Start of Block

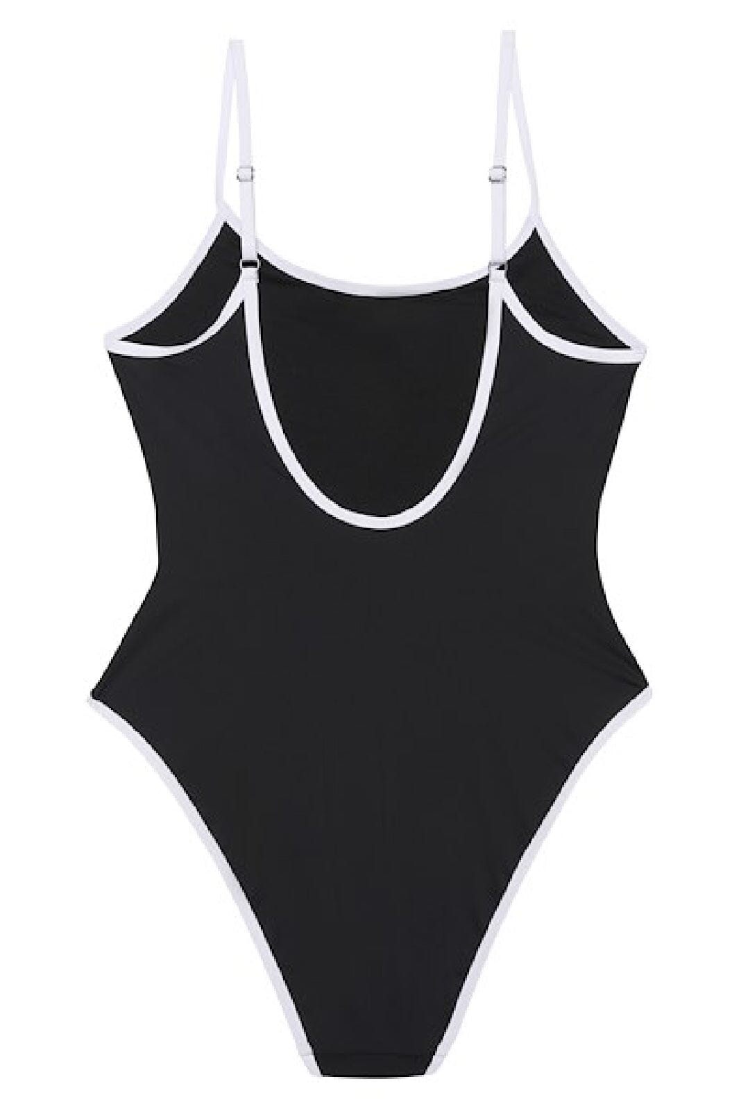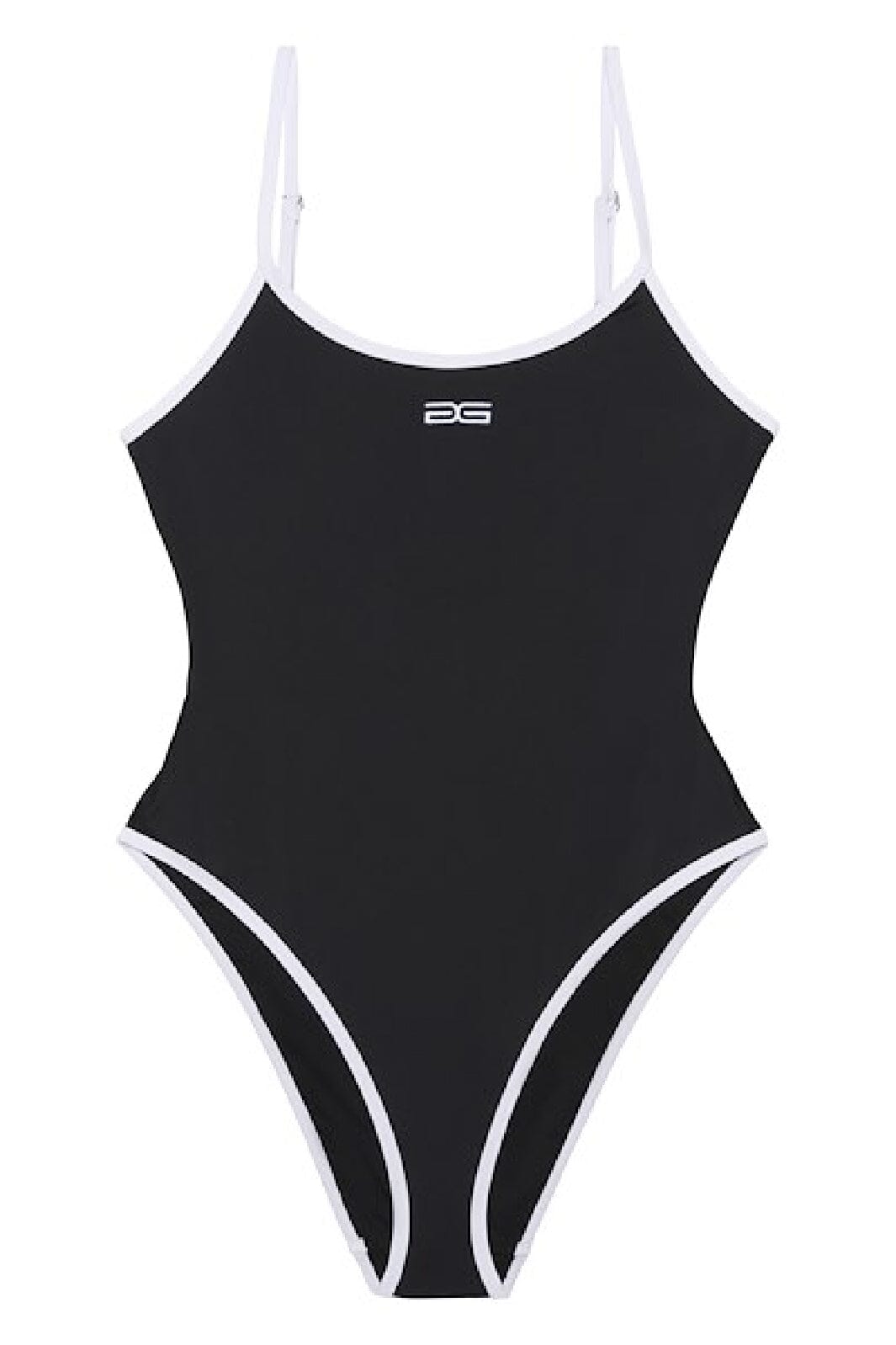Schwarzer Badeanzug von Gestuz mit weißen Kontrastdetails. Der hohe Beinausschnitt und die dünnen Träger schaffen einen sportlichen Stil, während die dekorative Naht feine Details hinzufügt.
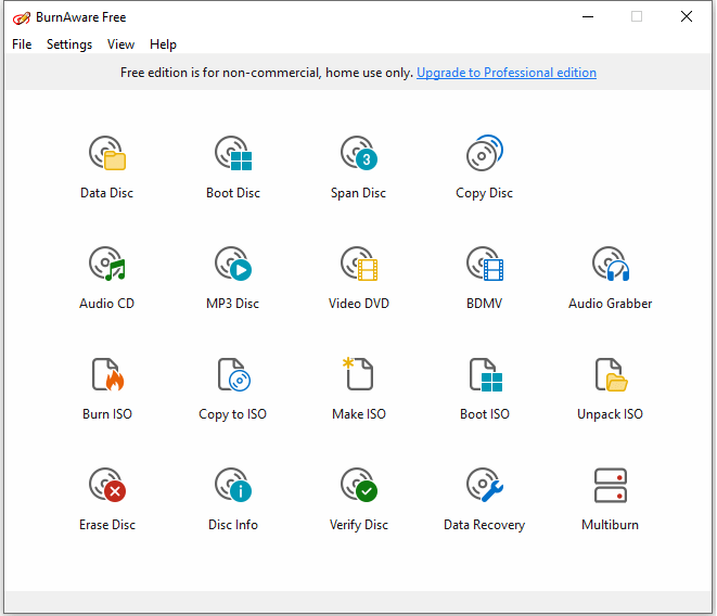 BurnAware is a feature-rich burning software for Windows operating system and is available in three editions - Free, Premium and Professional. BurnAware Free allows users to burn data discs, audio CDs as well as video DVDs that can be played on DVD players. You can also create ISO image from files and burn ISO to DVD. But this free DVD burner for Windows is designed for basic DVD burning only, it lacks DVD authoring tools to create personalized DVD menus and video editing tools.
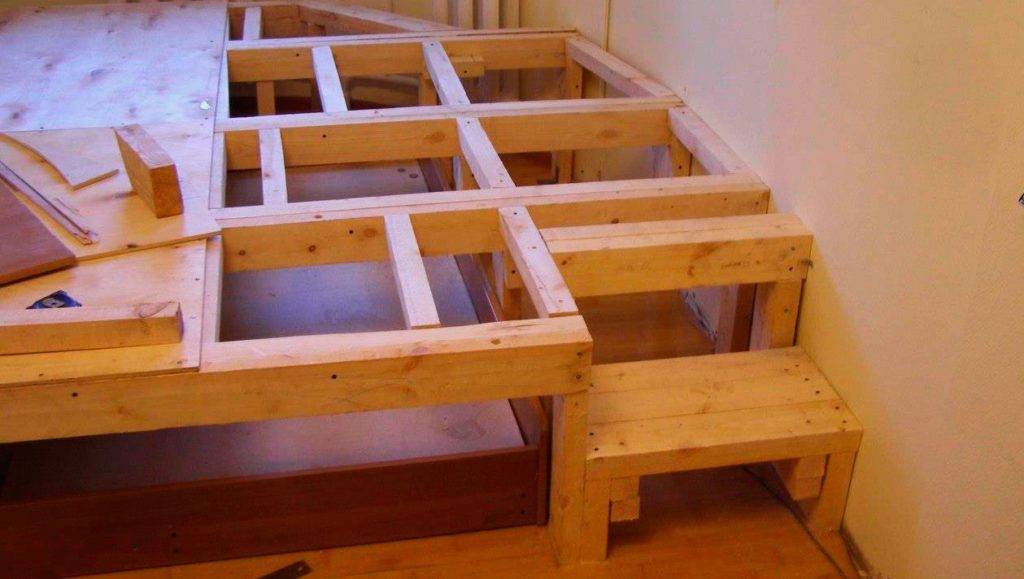 Вначале собирается опорная рама из двух параллельно расположенных прямоугольников. Нижний размещают на уровне пола, а верхний – на линии высоты изделия. Между ними по углам и на некотором расстоянии друг от друга устанавливают стойки из брусьев 5х5 см длиной, равной высоте подиума. Прикручивать нижний ряд необходимо к полу, верхний – к стене, а свободные стороны будут удерживаться за счет стоек.
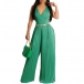 Fashion Polo V-neck Sleeveless Metal Belt Pleated Wide-leg Jumpsuit
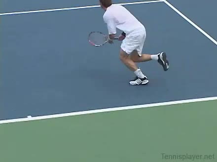 Andy Murray's backhand drop shot approach followed by a forehand volley from the center of the court, filmed from the front. His hips stay relatively closed on the backhand drop shot with a pronounced knee bend, then drive forward with an aggressive push off the legs as he transitions into the forehand volley.

End of Block

**Exercise prompt:**
The reply should hold only the lines running from the top of the records to the line containing "Вначале собирается опорная", both included, copied exactly with no pictures.

**Expected answer:**
Schwarzer Badeanzug von Gestuz mit weißen Kontrastdetails. Der hohe Beinausschnitt und die dünnen Träger schaffen einen sportlichen Stil, während die dekorative Naht feine Details hinzufügt.
 BurnAware is a feature-rich burning software for Windows operating system and is available in three editions - Free, Premium and Professional. BurnAware Free allows users to burn data discs, audio CDs as well as video DVDs that can be played on DVD players. You can also create ISO image from files and burn ISO to DVD. But this free DVD burner for Windows is designed for basic DVD burning only, it lacks DVD authoring tools to create personalized DVD menus and video editing tools.
 Вначале собирается опорная рама из двух параллельно расположенных прямоугольников. Нижний размещают на уровне пола, а верхний – на линии высоты изделия. Между ними по углам и на некотором расстоянии друг от друга устанавливают стойки из брусьев 5х5 см длиной, равной высоте подиума. Прикручивать нижний ряд необходимо к полу, верхний – к стене, а свободные стороны будут удерживаться за счет стоек.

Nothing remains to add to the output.